Prevention and Causes

Preventing Vein Disease In Legs


  • Keep your legs elevated as much as possible, with your feet above your heart level to help the blood flow back to the heart.
  • Daily exercises such as walking, stair climbing, bicycling and swimming are all excellent exercises that also keep the blood in your calf muscle going. This can reduce pooling of your blood in the calf, and takes some pressure off the veins. At least 30 minutes of exercise per day is recommended.
  • Keep your legs in motion as much as possible and avoid periods of prolonged standing or sitting. When traveling, flex your ankles or take short walks to improve blood circulation.
  • Compression stockings can be used to aid blood flow by exerting counter pressure on the veins in your legs, ensuring the blood is flowing back to the heart properly. They are also useful in preventing deep blood clots from forming. Compression stockings are the most common conservative treatment. We recommend wearing them during long car rides or plane rides.
  • Find out what your ideal body weight is for your height and body type, and maintain that weight to reduce the extra stress on your legs.
  • Try to avoid situations where excessive heat is being applied to your legs, such as saunas, baths, and hot tubs. The heat may lead to increased vein distention, allowing for the blood to pool in your veins more easily.
  • Follow a low-salt, high-fiber diet to prevent any additional pressure on your veins that may result from water retention and constipation.


Causes of Vein Disease

Varicose veins and other vein problems are very common and can affect anyone. Although there is not one specific cause of varicose veins, there are various risk factors that increase your likelihood of developing these vascular conditions.

Heredity

People with a family history of varicose and spider veins are significantly more prone to these conditions. About half of all people who have varicose veins have a family member who has them too.

Gender

Women are at greater risk of developing varicose veins due to the hormonal changes that occur during puberty, pregnancy, and menopause. Birth control and other medications containing estrogen and progesterone also increase risk of developing varicose veins.

Pregnancy

During pregnancy, there is an increase in the amount of blood in the body, causing veins to enlarge. The hormones released in a woman’s body during pregnancy can weaken vein walls, which can lead to valve dysfunction and blood pooling.

Age

Varicose veins are common in patients between the ages of 18 and 35. As you get older, the valves in your veins might weaken, therefore increasing risk of developing varicose veins.

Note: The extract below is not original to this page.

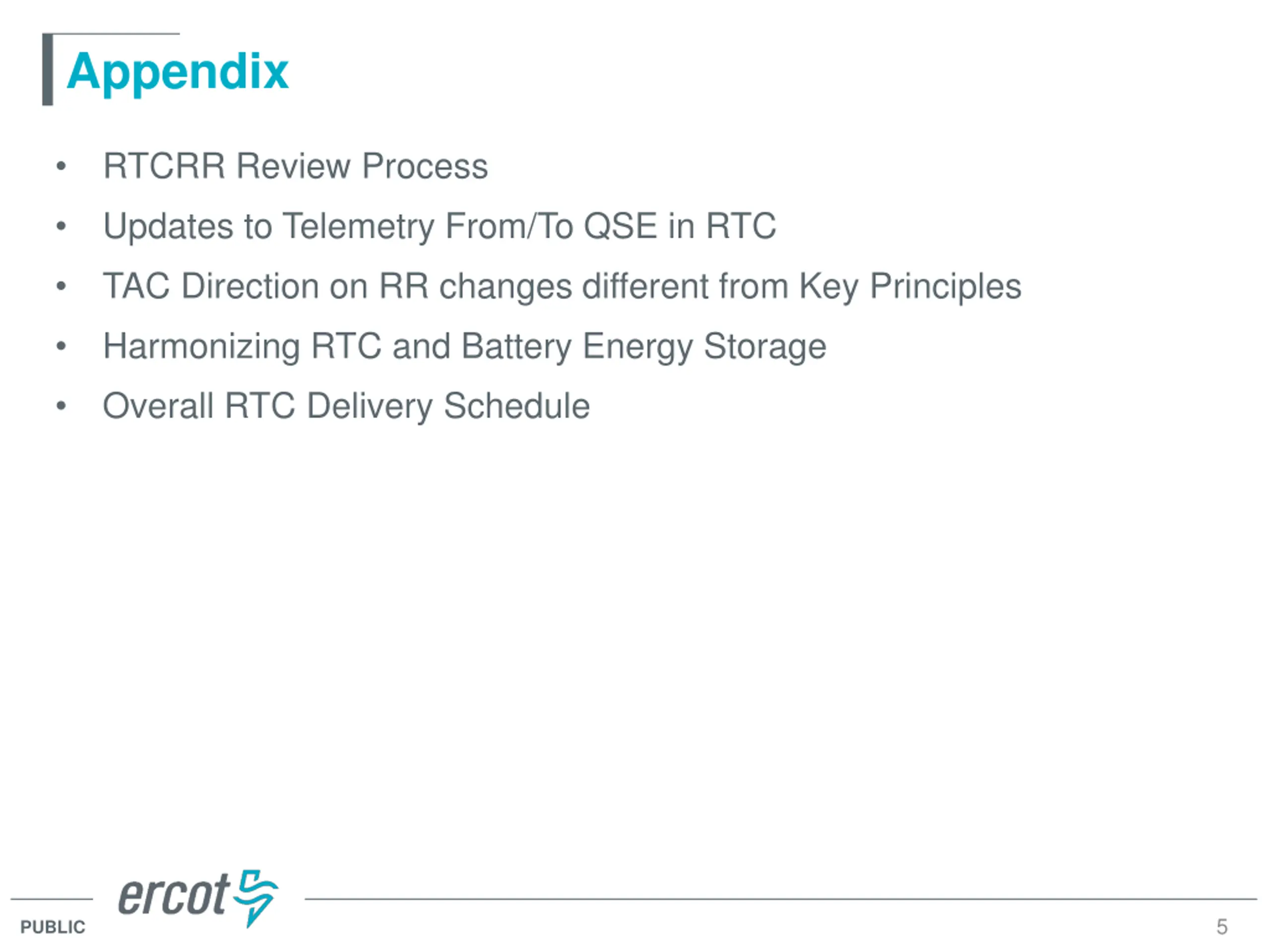 Appendix RTCRR Review Process Updates to Telemetry From/To QSE in RTC TAC Direction on RR changes different from Key Principles Harmonizing RTC and Battery Energy Storage Overall RTC Delivery Schedule 5 PUBLIC

Sitting or standing for long periods of time

People who sit or stand for a prolonged period of time due to their daily activities are more susceptible to varicose veins. Lack of movement forces your veins to work harder to pump blood back to the heart.

Obesity

Being overweight puts extra pressure on your veins, increasing your risk of developing varicose veins.

Trauma

Any trauma to the leg, due to a recent surgery or an injury, could cause your valves to malfunction.

There are other factors of a person’s lifestyle that may contribute to the development of varicose and spider veins. These include:

  • Clothes that bind or otherwise impede proper circulation
  • Chronic constipation
  • High-heeled shoes
  • Heat
  • Anatomy



The leg contains two vein systems that provide circulation to the lower extremities. These are called the deep system and the superficial system.

The Deep Venous System

Veins in the deep system are in close proximity to the bone and are surrounded by the leg muscles.

The Superficial Venous System

The superficial veins are above the muscle, located in the fat tissue that lies beneath the skin. These are the veins that may sometimes be visible. The two systems meet at two junctions: the groin and behind the knee. There is also a smaller system of veins where the two systems meet. These are called perforators.

When blood travels downward through the legs, gravity ensures that the blood flows smoothly. The body doesn’t have this benefit on the way back up to the heart, so the leg has an alternative method of circulating blood. The combination of the deep and superficial systems, the leg muscles, and the various valves throughout the lower venous system form a pumping reflex secondary to the heart. The entire mechanism is often referred to as the second heart.



The Second Heart and Varicose & Spider Veins

The second heart is responsible for pushing deoxygenated blood back up to the heart and lungs, for recirculation throughout the body. The muscles in the lower leg and calf contract to pump the blood back up, while the valves open and close opposing the muscle contractions to ensure there is no backflow of blood back into the leg.

Failure of the Lower Circulatory System

When these valves become defective, the second heart system ceases to work properly. Blood backflows into the veins which causes the blood to pool. The pressure created from this overflow of blood in the veins causes the superficial veins to bulge. Depending on the severity of the problem, this leads to various vascular diseases, including varicose veins and spider veins.